The reason is this: theology involves the historical, the material, the cosmic-creative, the group dynamics: it makes claims that are challenged by experiment and by the rules of academic subjects as developed.
For example, in science, evolution is a local system, that's to say a mutation or outcome of difference exerts its advantage according to the environment it is in. Change improves and improves but in each situation; change the situation and the advantages become disadvantages and the development of life is different. There is no grand plan in this.
To say that life was deliberately created, and that humans were begun, by a pre-existing intelligence, is to contradict the science of origins from simplicity to complexity.
In economics the invisible hand is the market mechanisms that connect the consumer and the producer, and again these are all specific to the situation we are in. The market distorts through institutions, and the imperfections result in cycles that seem to generate themselves, rising and falling, sometimes collapsing.
History has rules of evidence. There are different schools of history, such that the level of narrative produced or importance of social causality varies, but all schools of history agree on the importance of documentary evidence, whatever one then makes of it.
One of the biggest impacts regarding Christianity was the ambiguity of documents regarding the early Churches - what can be said and what can't from them, that the primary documents are of the early Churches and even then we don't seem to have them. An attempt to get back to the historical Jesus seemed an impossibility. Some suggest we can get back to his sayings as the earliest material, as in Q and parts of the Gospel of Thomas, but then the dynamic is the biography-like material that is also deemed to be closest historically, in the four gospels. Yet the point is that the material is history-like, not history, and biography-like, not biography. The Pauline materials colour these throughout, and some of these are Paul and some are not. Whatever, the evidence as far as it goes points to a rapidly escalating early Christianity in terms of the titles given to Jesus, that the Jewish primitive eschatology gives way to a Gentile eschatology and then comparative loss of eschatology, in a move towards traditions and of much diversity before the centres of authority start to close down the edges and the differences until, in some hundreds of years, a general faith is established at least going West.

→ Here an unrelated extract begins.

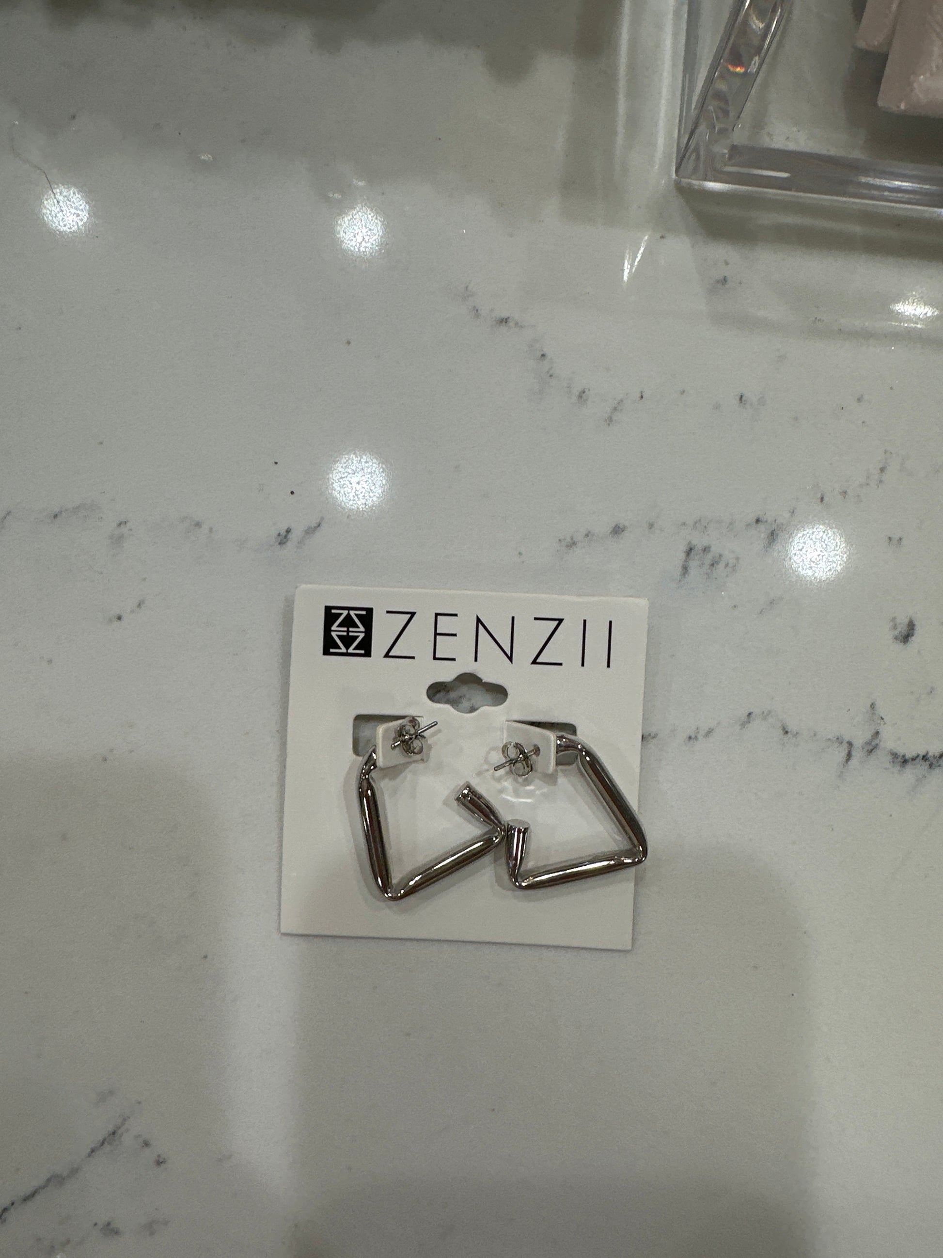METAL TRIANGLE HOOP EARRINGS - SILVER

Yet these are themselves explainable sociologically as religious changes from charisma to tradition, and so here we are dealing with what can be understood on a human level, just like an anthropologist could if we could go back in time. They were strange people of supernatural beliefs back then, but precisely what and how is debatable.
The historical issue applied to the biblical texts is what drove the liberal movement in the nineteenth century, and what generated the reactions. The Oxford liberals who wrote Essays and Reviews (1860) were paralleled by the Oxford inventing traditionalists who reproduced a Church to resist the State, and the evangelicals also grew in reaction. It is these strands that institutionalise and politicise theology, although they are complicated by actual events and denominations. Obviously we are most familiar with the Anglican, and there is the Unitarian which connected to the liberal Anglicans, those Congregationalists who drifted, the General Baptists, the Quakers, and some Methodists. They are in fact all connected, despite institutional politics and boundary drawing that likes to see ecumenical connections in some places and no connections in others.

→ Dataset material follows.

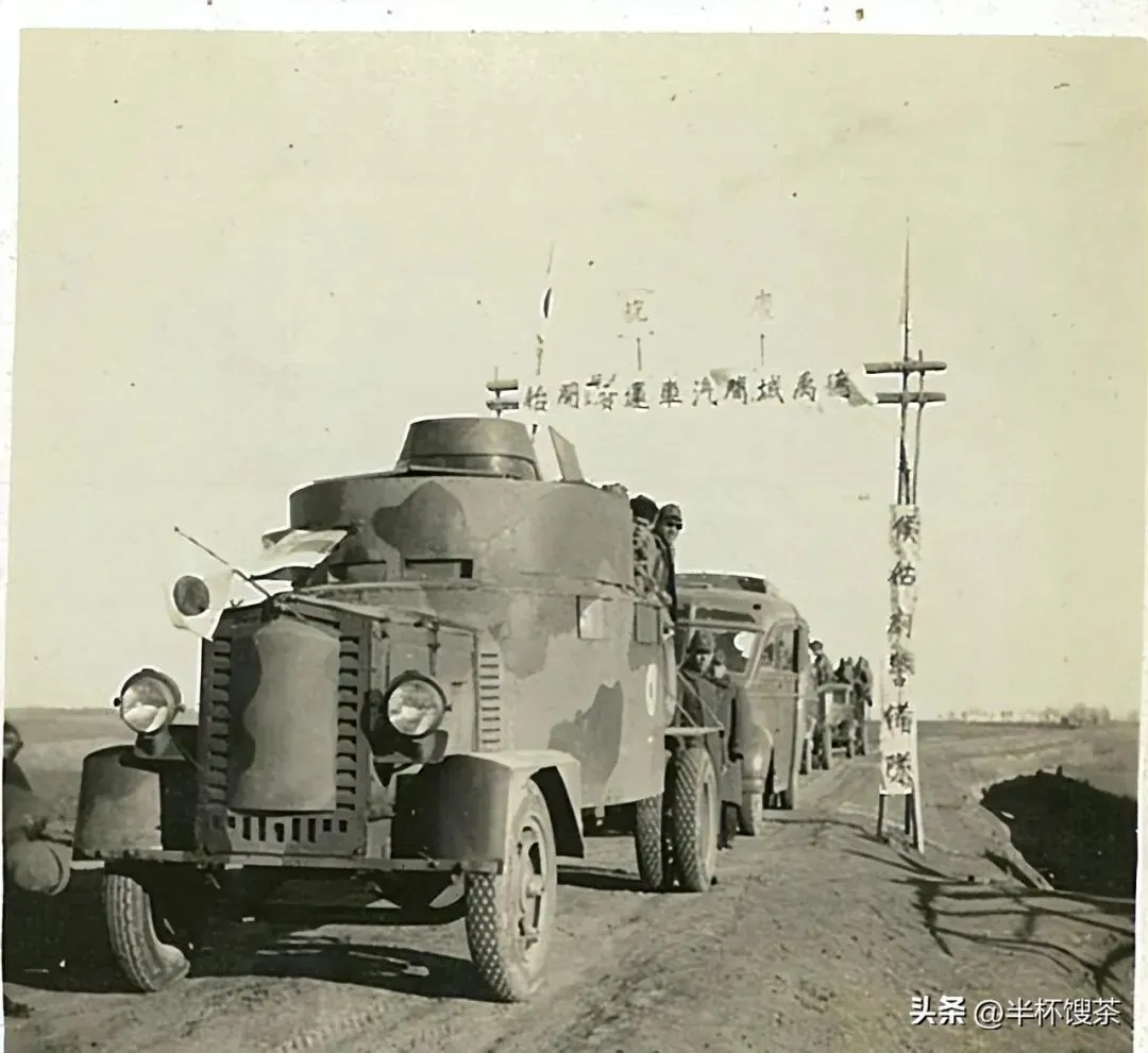 侵华日军在石家庄封锁交通的巡逻装甲车

The complication also arises in the Reformation. The Reformation affected everything, including the Catholic side of things. It cleaned Catholicism up, for one thing, at least in terms of political and financial corruption connecting to own claims regarding salvation. But it helped produce the evangelical and indeed the liberal. The evangelical was the combination of Bible as read by everyone and Reformed Church, The liberal in the Reformation was at first the ordinary comprehension of the individual reader, and the light touch Church beyond that reading, and only later biblical criticism. The Catholic carried on, as tradition, or was remade, but also there was also a worldly outlook sacramentalism that had its own liberal overtones, in a sort of let-the-people-be while the Church does ritual things according to propriety. Such Catholicism holds to tradition, form and content, and doctrines, while the people can think what they like - it remains highly clericalised.

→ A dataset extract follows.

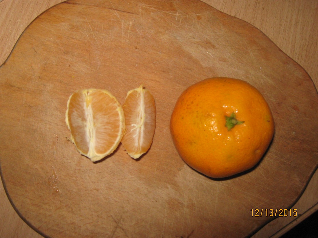 - вкус кислый с горчинкой. Кислота как у Мейера, горчинка раза в два послабее чем у горьких грейпов. На фото кантонец расчищен, рядом грузинский Уншиу для сравнения.

We make a mistake if we forget just how close to the State Churches were: the Catholic Church - in the end formed its own State after its Holy Roman Empire - and the Protestant Churches that broke away did so with State power. That some of English Protestantism, and Anglo-Catholicism, was a battle against the State, was different: nevertheless, in that institutional pluralism was a middle class battle that assisted political pluralism and liberty. Puritans, Presbyterians, Congregationalists, Baptists, Methodists, Quakers, all fought for the right to worship with liberty, and then for the right for full political participation, the agitation fought with some economic clout, and located in the new urban centres. In the United States religion had parishes - Congregationalists for example - but the independent State withdrew from religion and Christianity took on the competitive nature and plural nature of the rest of society.
It is interesting nevertheless that not a lot of theology focuses on the State in an upholding sense. But the State has been influential in generating theology: so many dispersed German states had competitive universities which directly led to the importance of German theology, and the plurality of American institutions with the cultural importance of identity in religion produced many funded seminaries and universities for generating theology. Thus Germany and the United States became the key places for generating theology. In America it mainly meant the production of Protestant theology; in Germany a Protestant and Catholic crossroads meant both.
So from these we have had different theological tendencies, and surely in terms of contemporary culture the various traditionalists are defensive, the evangelicals are attacking, and the liberals start with negotiating and move to accommodation. But this is an institutional perspective.
We are looking at some central questions. If we get rid of any sense of a God of the gaps, so that we allow science to explain all that is scientific, and if we obey the rules of doing history, so history is more reliable, and follow the rules of doing social science, so that we understand people in collectivities, then we might ask questions like in what sense can God still exist, in what sense does the Bible stay normative, and in what sense does Jesus remain unique to be either the object of worship of the path through which to direct worship?
On the question of God, if objectivity for old style theology cannot be found in the world, then there has to be some logical outcomes. One is to make the God high and dry, invisible, of revelation from the heavens downwards only. This was Karl Barth's solution to the modern situation. God is encountered in the Biblical narrative and the Church apparently latched on to key revealed understandings, but culture and religion never produces anything authentic. Barth was a Platonist not an Aristotelian! It still leaves a problem for him of how do you know, being only one of the cultured humans, and whether dialectic (that is, facing opposites against each other) is a credible means by which Karl Barth escaped his own culture-human cage. But others have used the implications of this approach to use non-objectivity replacing truth by dramatics: so that the Biblical text becomes a drama, that identifies the community that follows the text, or following ecumenical doctrines identifies a community, this being one form of postliberalism, to having a Church that is its own truth in terms of the postmodern world - as in Radical Orthodoxy. More simply is having a kind of Christian communal service within the busy secular city. The 1950s and 1960s Death of God movement pushed the view of the invisible God to the extreme.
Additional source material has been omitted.